** SOURCE DATA follows **

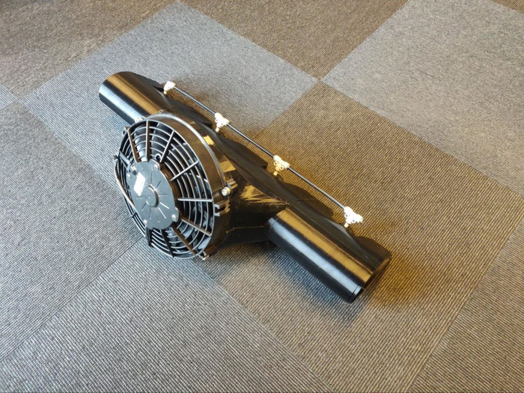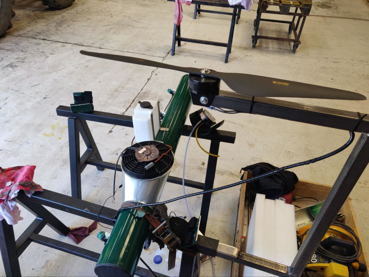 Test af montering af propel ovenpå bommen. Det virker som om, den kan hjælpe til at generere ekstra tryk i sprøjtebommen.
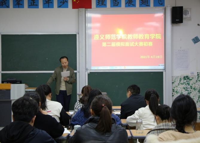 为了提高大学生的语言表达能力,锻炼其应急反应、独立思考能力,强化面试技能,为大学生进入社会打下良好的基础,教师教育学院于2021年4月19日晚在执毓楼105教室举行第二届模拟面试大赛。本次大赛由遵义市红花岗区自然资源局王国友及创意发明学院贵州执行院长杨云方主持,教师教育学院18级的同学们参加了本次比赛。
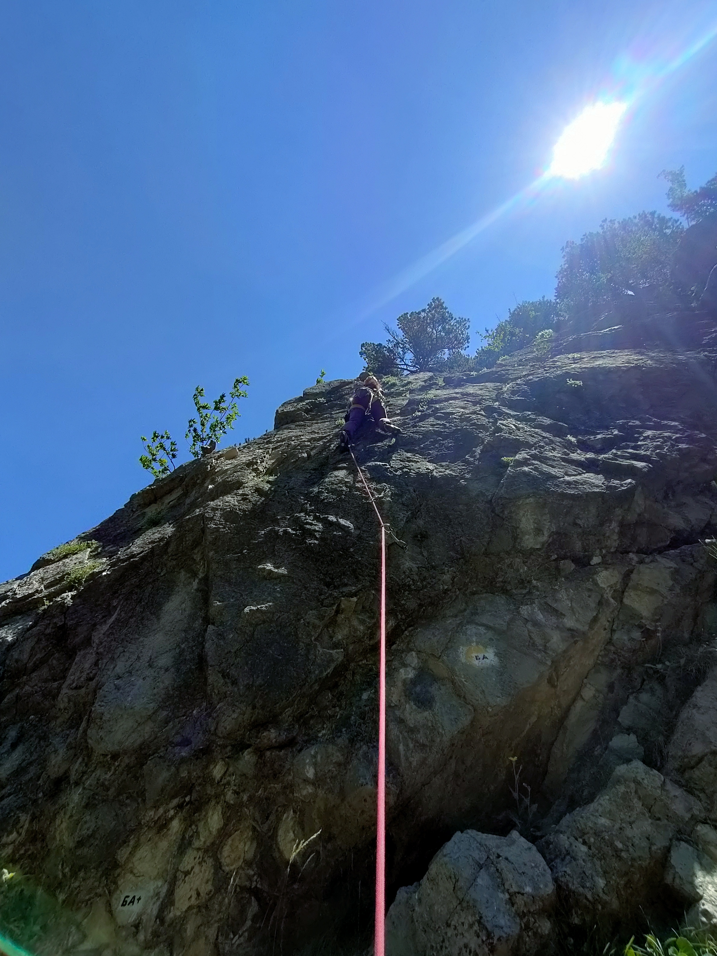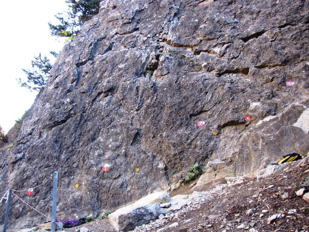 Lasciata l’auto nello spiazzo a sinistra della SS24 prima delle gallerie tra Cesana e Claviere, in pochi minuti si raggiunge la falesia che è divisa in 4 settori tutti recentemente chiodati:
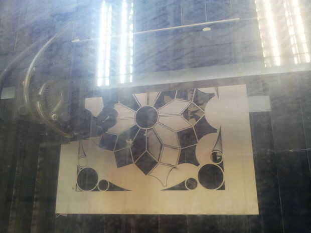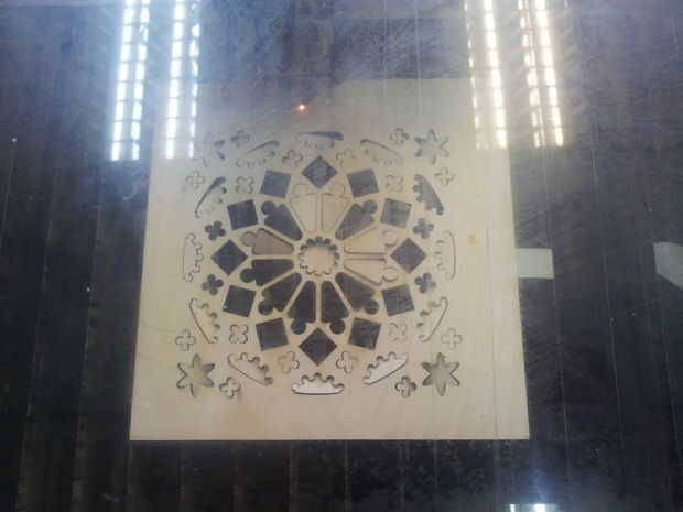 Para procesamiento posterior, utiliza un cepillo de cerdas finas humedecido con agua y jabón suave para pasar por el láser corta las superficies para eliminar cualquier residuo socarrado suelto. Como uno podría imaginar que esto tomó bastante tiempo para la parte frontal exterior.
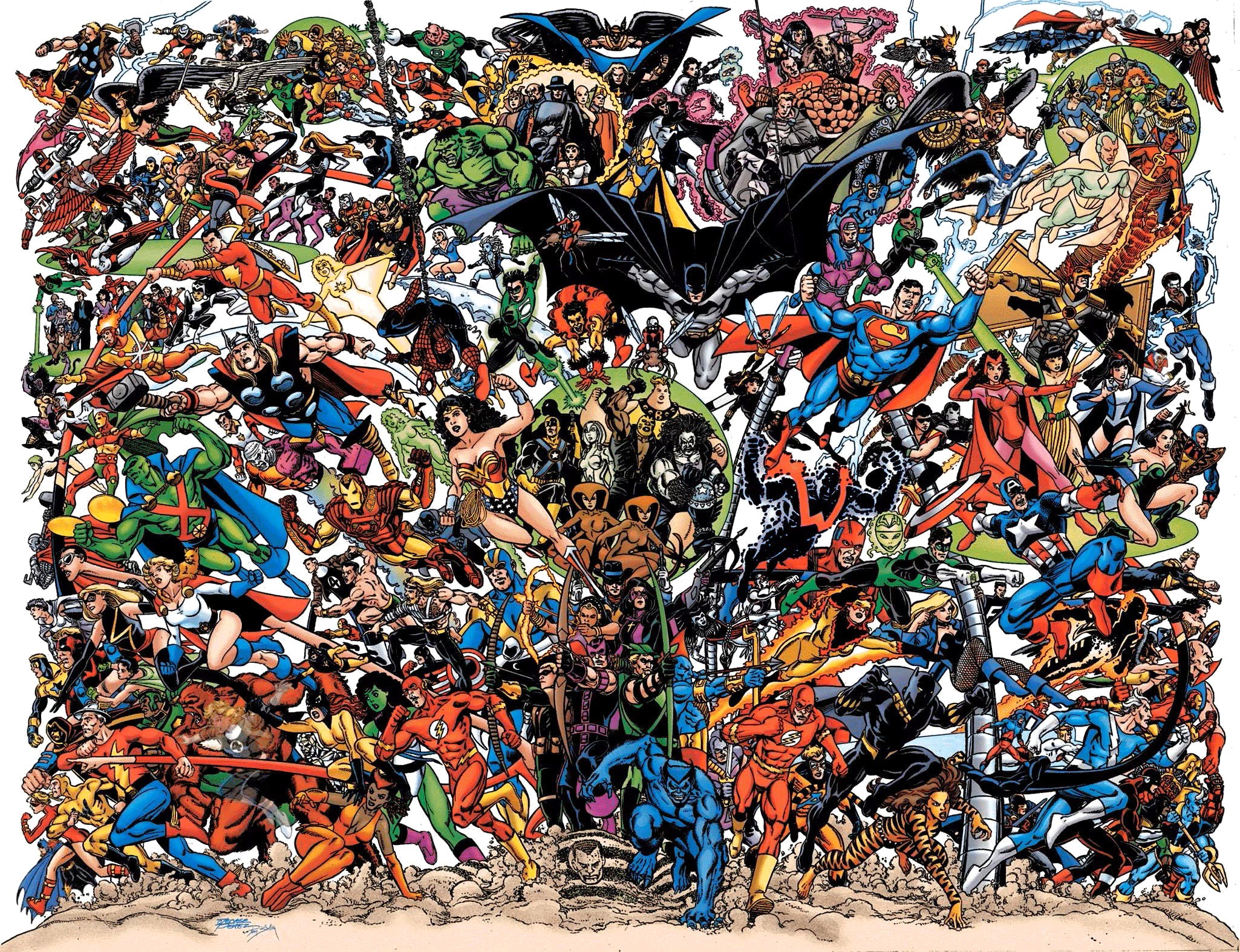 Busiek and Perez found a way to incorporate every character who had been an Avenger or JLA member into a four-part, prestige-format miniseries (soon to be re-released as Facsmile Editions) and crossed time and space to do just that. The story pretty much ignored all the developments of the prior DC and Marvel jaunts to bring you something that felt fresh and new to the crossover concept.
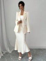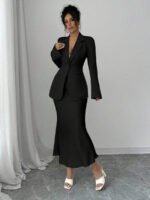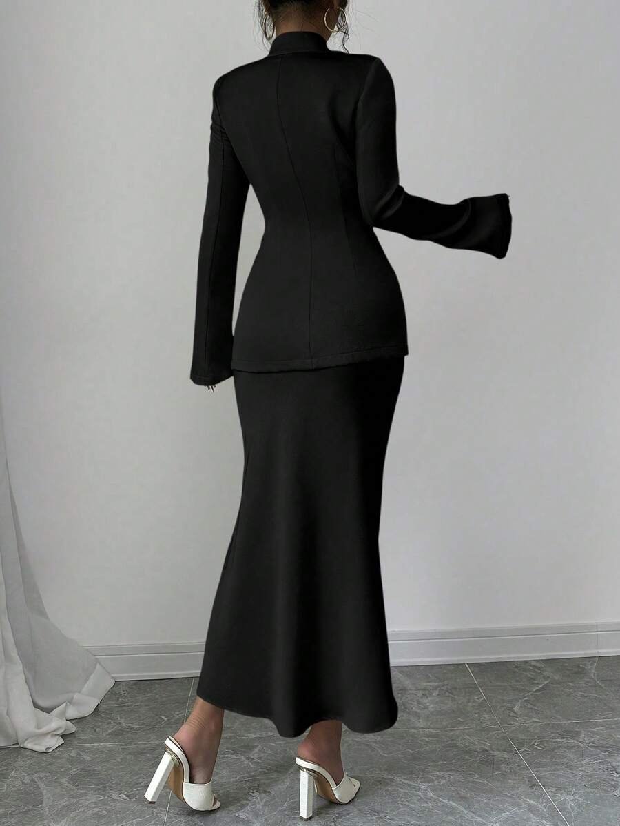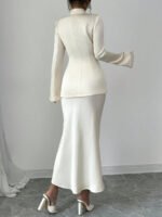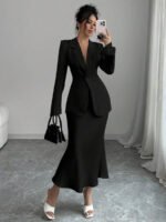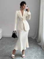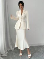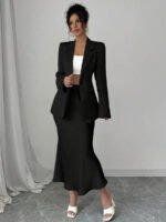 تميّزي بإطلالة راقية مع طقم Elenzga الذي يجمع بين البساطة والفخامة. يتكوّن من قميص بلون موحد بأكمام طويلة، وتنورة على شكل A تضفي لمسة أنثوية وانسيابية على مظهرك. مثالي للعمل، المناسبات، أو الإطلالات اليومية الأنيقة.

** End of SOURCE DATA **

• [WORK REQUEST] Retype all the records exactly and keep out every picture.

• [TASK SOLUTION]
 Test af montering af propel ovenpå bommen. Det virker som om, den kan hjælpe til at generere ekstra tryk i sprøjtebommen.
 为了提高大学生的语言表达能力,锻炼其应急反应、独立思考能力,强化面试技能,为大学生进入社会打下良好的基础,教师教育学院于2021年4月19日晚在执毓楼105教室举行第二届模拟面试大赛。本次大赛由遵义市红花岗区自然资源局王国友及创意发明学院贵州执行院长杨云方主持,教师教育学院18级的同学们参加了本次比赛。
 Lasciata l’auto nello spiazzo a sinistra della SS24 prima delle gallerie tra Cesana e Claviere, in pochi minuti si raggiunge la falesia che è divisa in 4 settori tutti recentemente chiodati:
 Para procesamiento posterior, utiliza un cepillo de cerdas finas humedecido con agua y jabón suave para pasar por el láser corta las superficies para eliminar cualquier residuo socarrado suelto. Como uno podría imaginar que esto tomó bastante tiempo para la parte frontal exterior.
 Busiek and Perez found a way to incorporate every character who had been an Avenger or JLA member into a four-part, prestige-format miniseries (soon to be re-released as Facsmile Editions) and crossed time and space to do just that. The story pretty much ignored all the developments of the prior DC and Marvel jaunts to bring you something that felt fresh and new to the crossover concept.
 تميّزي بإطلالة راقية مع طقم Elenzga الذي يجمع بين البساطة والفخامة. يتكوّن من قميص بلون موحد بأكمام طويلة، وتنورة على شكل A تضفي لمسة أنثوية وانسيابية على مظهرك. مثالي للعمل، المناسبات، أو الإطلالات اليومية الأنيقة.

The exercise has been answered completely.